For NIRF ranking, my college publishes the number of students that are placed in every year at <https://www.amrita.edu/nirf/placement-2018>. We can web scrape this data set to find the average and the distribution.
For web scraping using R, I am using the ‘rvest’ package in R authored by Hadley Wickham. You can access the documentation for rvest package [here](https://cran.r-project.org/web/packages/rvest/rvest.pdf).
```{r web_scraping, echo=TRUE, message=FALSE, warning=FALSE}
#Loading the rvest package
library(rvest)
#Specifying the url for desired website to be scraped
url <- 'https://www.amrita.edu/nirf/placement-2018'
#Reading the HTML code from the website
webpage <- read_html(url)
```
On this website, I want to scrape the table in the tab 2016-17. If I just right click on any table element and select
*Inspect*. From the *elements* tab I can observe that the table is a child of *table-responsive* class.
```{r web_scraping_step2, echo=TRUE, message=TRUE, warning=TRUE}
#Using CSS selectors to scrap the parent of table class
node <- html_nodes(webpage, '.table-responsive .table')
node
```
There are three lists in *node*, one for each tab in the website. I need to select the 2016-17 tab and pull the table in a data frame. The first 5 rows in the data frame are also displayed.
```{r web_scraping_step3, echo=TRUE, message=TRUE, warning=TRUE}
# Pulling the table from the third list (for thir tab) in 'node'
company.list <- html_table(node[3], fill = TRUE, header = TRUE)[[1]]
head(company.list)
```
So I have successfully web-scapped the table into a data frame.

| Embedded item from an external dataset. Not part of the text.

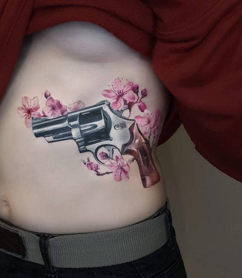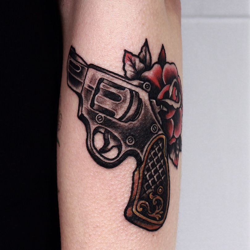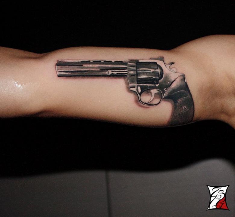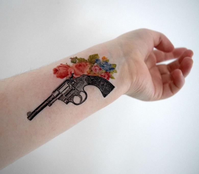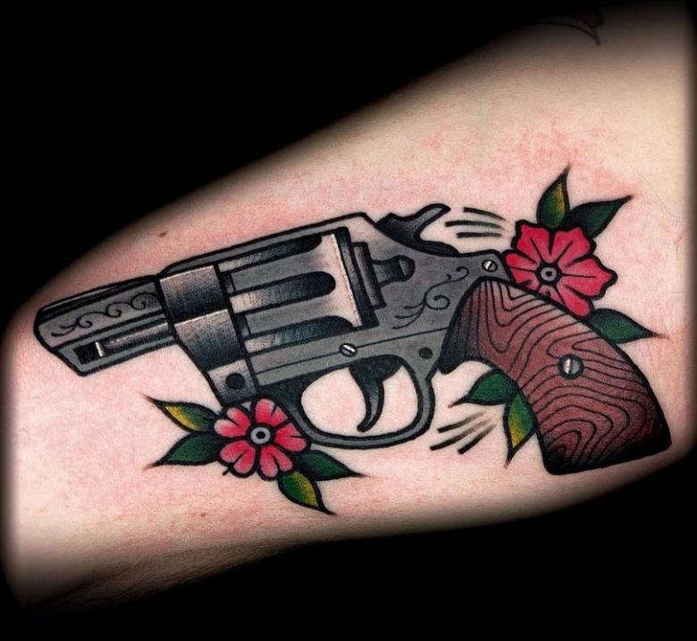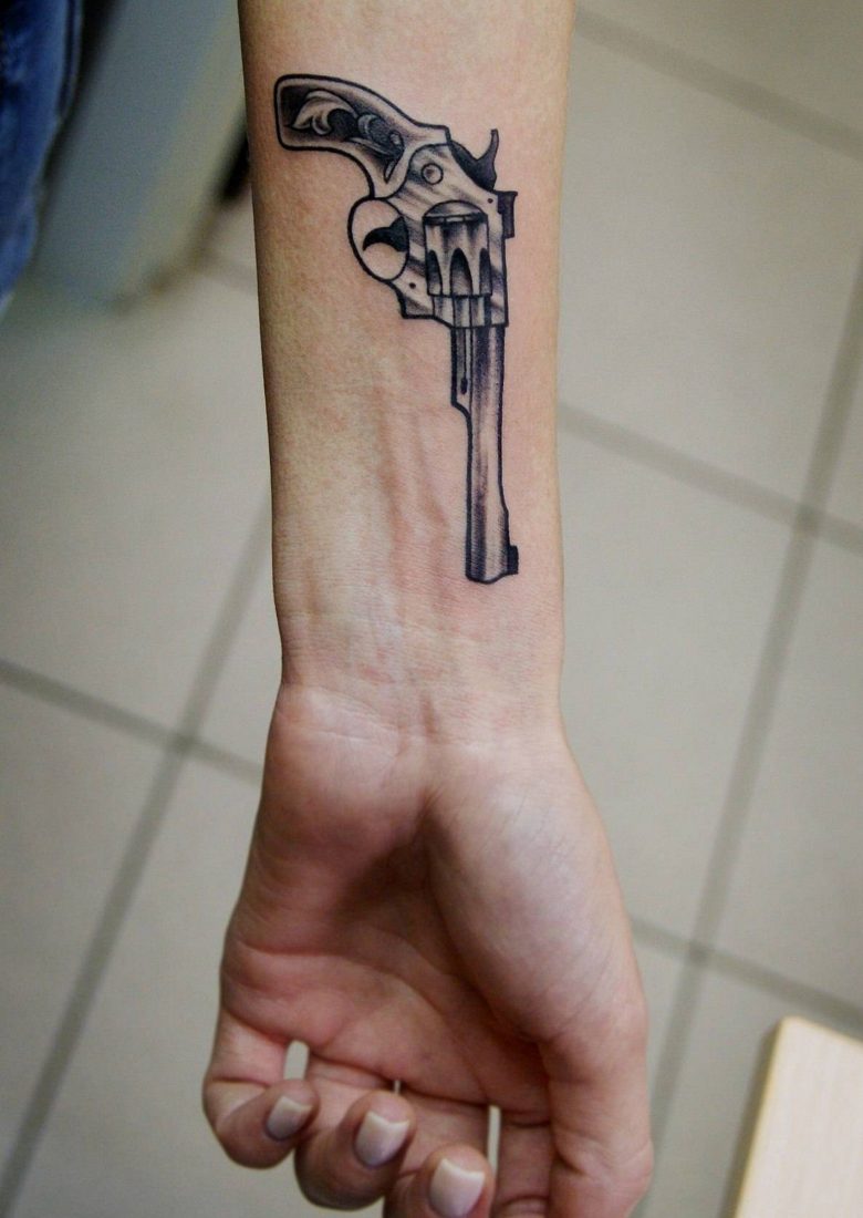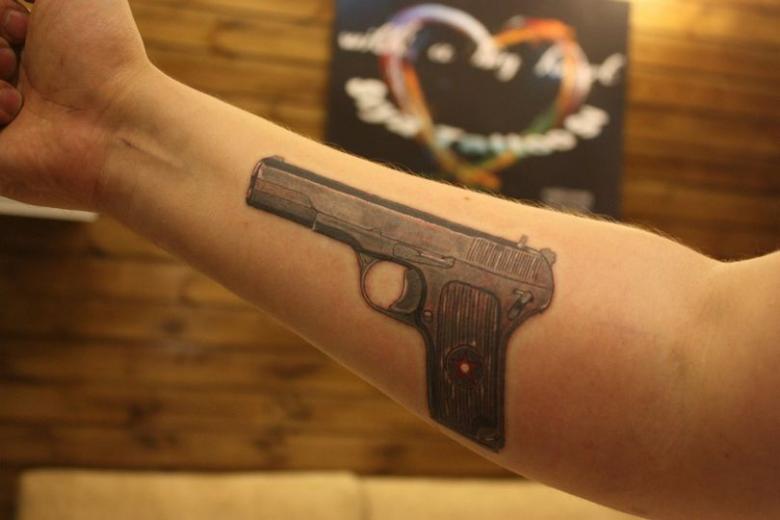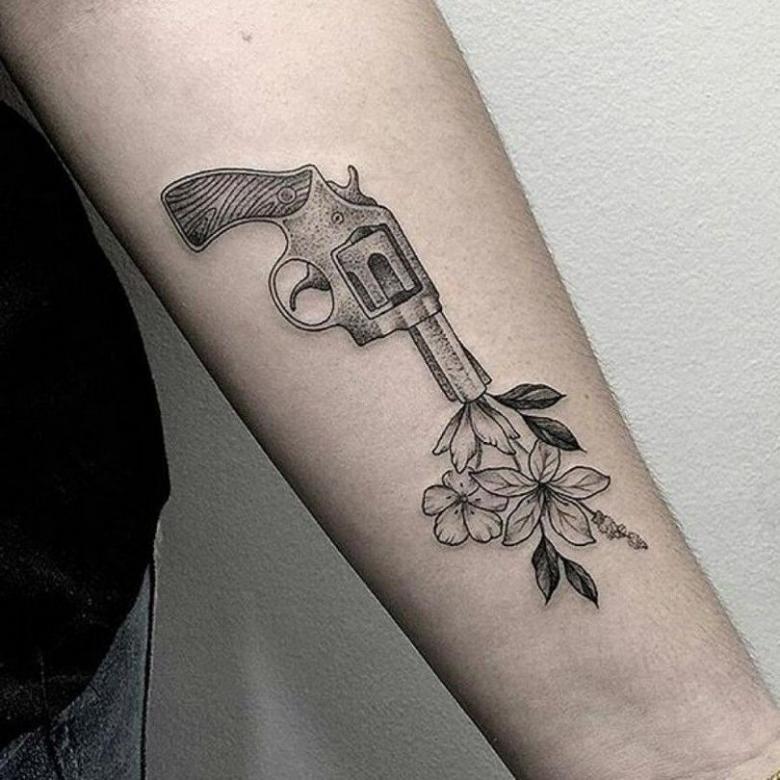 Le pistolet à tatouage jouit d'une grande popularité auprès des hommes et des femmes. Il existe de nombreuses idées d'exécution de la figure. Le sens de l'image, chaque personne y met du sien.

Some cleaning and converting columns to proper data type is required.
```{r cleaning, echo=FALSE, message=TRUE, warning=TRUE}
# Pulling the table from the third list (for thir tab) in 'node'
colnames(company.list) <- c('s.no', 'aca.yr', 'company', 'no.of.students', 'min.sal', 'max.sal', 'avg.sal', 'med.sal')
company.list <- company.list %>%
filter(aca.yr == '2016-17' & avg.sal == '4.21LPA') %>%
mutate(no.of.students = as.numeric(no.of.students)) %>%
filter(no.of.students > 0) %>%
select(company, no.of.students)
```
The distribution of the number of students is:
```{r distribution, echo=FALSE, message=TRUE, warning=TRUE}
ggplot(company.list,aes(x = no.of.students, y=..density..)) +
geom_histogram(bins = 50) +
labs(x = 'No of students', y='Density') +
theme_minimal()
```
The average from the table can be easily found out to be:
```{r avarage1, echo=FALSE}
mean(company.list$no.of.students)
```
On average a student will have ~15 of his batch mates in their company.
But what if I do not have the above table, and instead took a survey by asking all my classmates during our annual alumni meet? What will I get then?
A sample of the survey data set is created using the above table itself. This data set will look as follows (example shown for 2 companies):
```{r survey, echo=FALSE}
survey <- data.frame(student.name = c(), company = c(), no.of.alumni = c())
for( i in 1:nrow(company.list)){
for(j in 1:company.list[i,]$no.of.students){
a <- data.frame(student.name = paste(company.list$company[i], 'employee', j),
company = company.list$company[i],
no.of.alumni = company.list[i,]$no.of.students)
survey <<- rbind(survey, a)
}
}
head(survey, 6)
```
Hinduja Global Services has one amrita student but Sonata Software employee has 5. So one student will report as 1 while 5 different students will report the number of alumni as 5.
The distribution of the responses of no.of.alumni and the mean will look as follows:
```{r survey-distribution, echo=FALSE, message=TRUE, warning=TRUE}
ggplot(survey,aes(x = no.of.alumni, y=..density..)) +
geom_histogram(bins = 50) +
labs(x = 'No of alumni', y='Density') +
theme_minimal()
```
```{r survey-mean, echo=FALSE, message=TRUE, warning=TRUE}
mean(survey$no.of.alumni)
```
From the survey I get that the average number of college mates that a student will have is 150. The estimate is biased upwards because the larger classes are over weighted in the average.
This paradox is called class size paradox.
The right estimate to use in the second case is called as the harmonic mean. While doing any survey, one should keep this paradox in mind.